By now, everyone from South Carolina to New England is tracking the cone of possibilities of Hurricane Irene. Will she tack west or go east? Whatever path she takes, it seems pretty certain that a lot of folks are going to get drenched and some may lose power, suffer flooding or worse. A power outage can affect the safety of your food supply but there are some things you can do now to prepare for that possibility.
The U.S. Department of Agriculture recommends that you keep ice on hand or know where to get it should you lose power. If you don’t have a generator, here is what else to do:
- Put an appliance thermometer in the refrigerator and freezer. That way you’ll know the temperature if the power goes out.

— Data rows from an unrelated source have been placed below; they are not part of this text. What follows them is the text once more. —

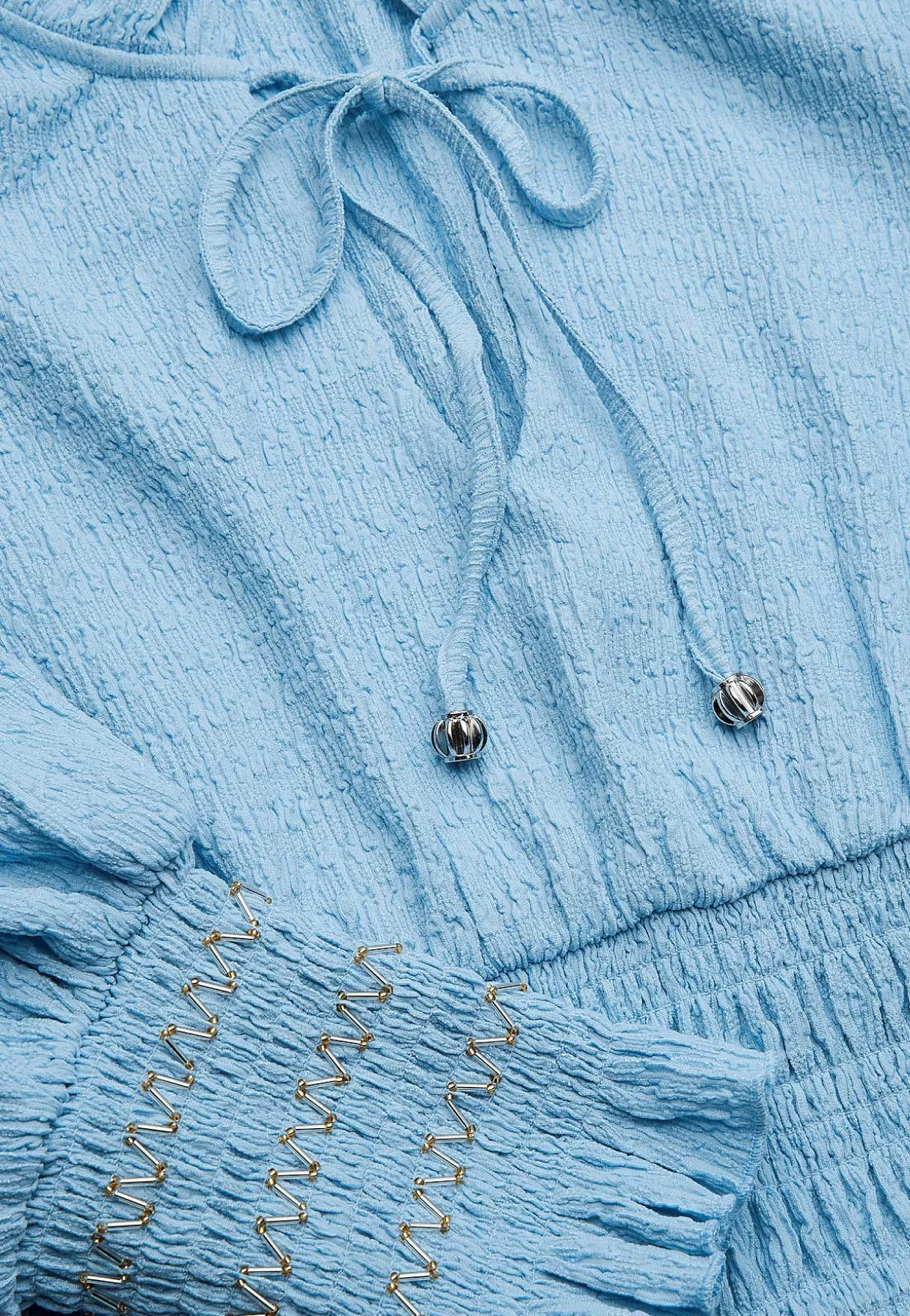 • Ærmeafslutning med elastisk smock og perledetaljer.
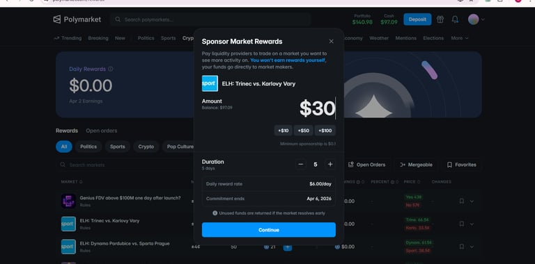 Polymarket has a Liquidity Rewards program that pays you daily in USDC just for keeping your orders in the book. It’s like earning interest on your trading capital.
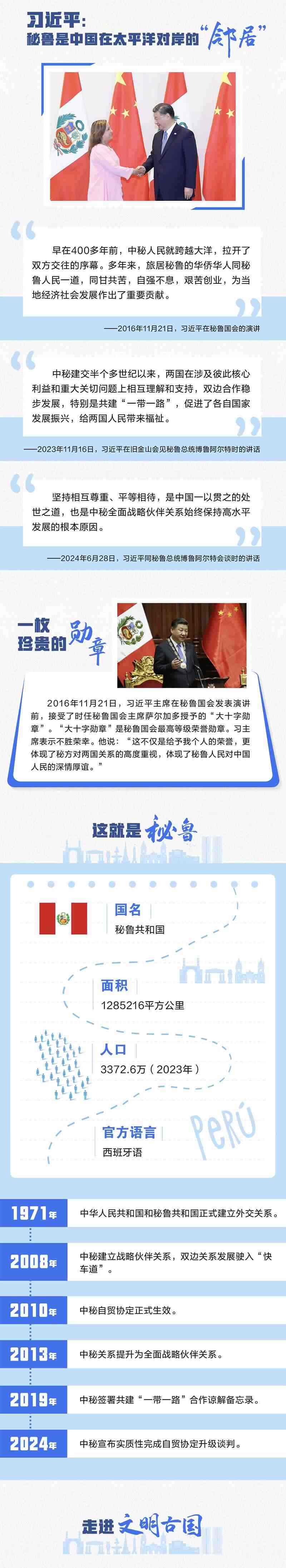 應(yīng)秘魯共和國總統(tǒng)博魯阿爾特邀請(qǐng),習(xí)近平主席將對(duì)秘魯進(jìn)行國事訪問。不到半年的時(shí)間,中秘領(lǐng)導(dǎo)人實(shí)現(xiàn)互訪,顯示了雙方高水平的政治互信。

- Make sure the freezer is set at 0 degrees F or below and the refrigerator is at 40 degrees F or below.
- Group food together in the freezer — this helps it stay cold longer.
- Use any extra space to freeze containers of water for ice to help keep food cold in the freezer, refrigerator or coolers.
- Freeze gel packs ahead of time for use in coolers.
- Freeze refrigerated items such as leftovers, milk and fresh meat and poultry that you may not need immediately — this helps keep them at a safe temperature longer.
- Plan ahead and know where dry ice and block ice can be purchased.
- Have coolers on hand to keep refrigerator food cold if the power will be out for more than four hours.
- Store food on shelves that will be safely out of the way of contaminated water in case of flooding.
If you do lose power:
- Keep the refrigerator and freezer doors closed as much as possible to maintain the cold temperature.
- If unopened, the refrigerator will keep food safely cold for about four hours. A full freezer will hold the temperature for approximately 48 hours (24 hours if it is half full) and the door remains closed.
- Discard refrigerated perishable food such as meat, poultry, fish, soft cheeses, milk, eggs, leftovers and deli items after four hours without power.
- Food may be safely refrozen if it still contains ice crystals or is at 40 degrees F or below when checked with a food thermometer.
- Buy dry ice if you think the power will be out for a prolonged period. Fifty pounds of dry ice should hold an 18-cubic-foot freezer for two days.
- If the power has been out for several days, check the temperature of the freezer with an appliance thermometer. If the appliance thermometer reads 40 degrees F or below, the food is safe to refreeze.
- If a thermometer has not been kept in the freezer, check each package of food to determine its safety. If the food still contains ice crystals, the food is safe.
- Discard any food that is not in a waterproof container if there is any chance that it has come into contact with flood water.
Finally, the USDA says, never taste a food to determine its safety and, when in doubt, throw it out.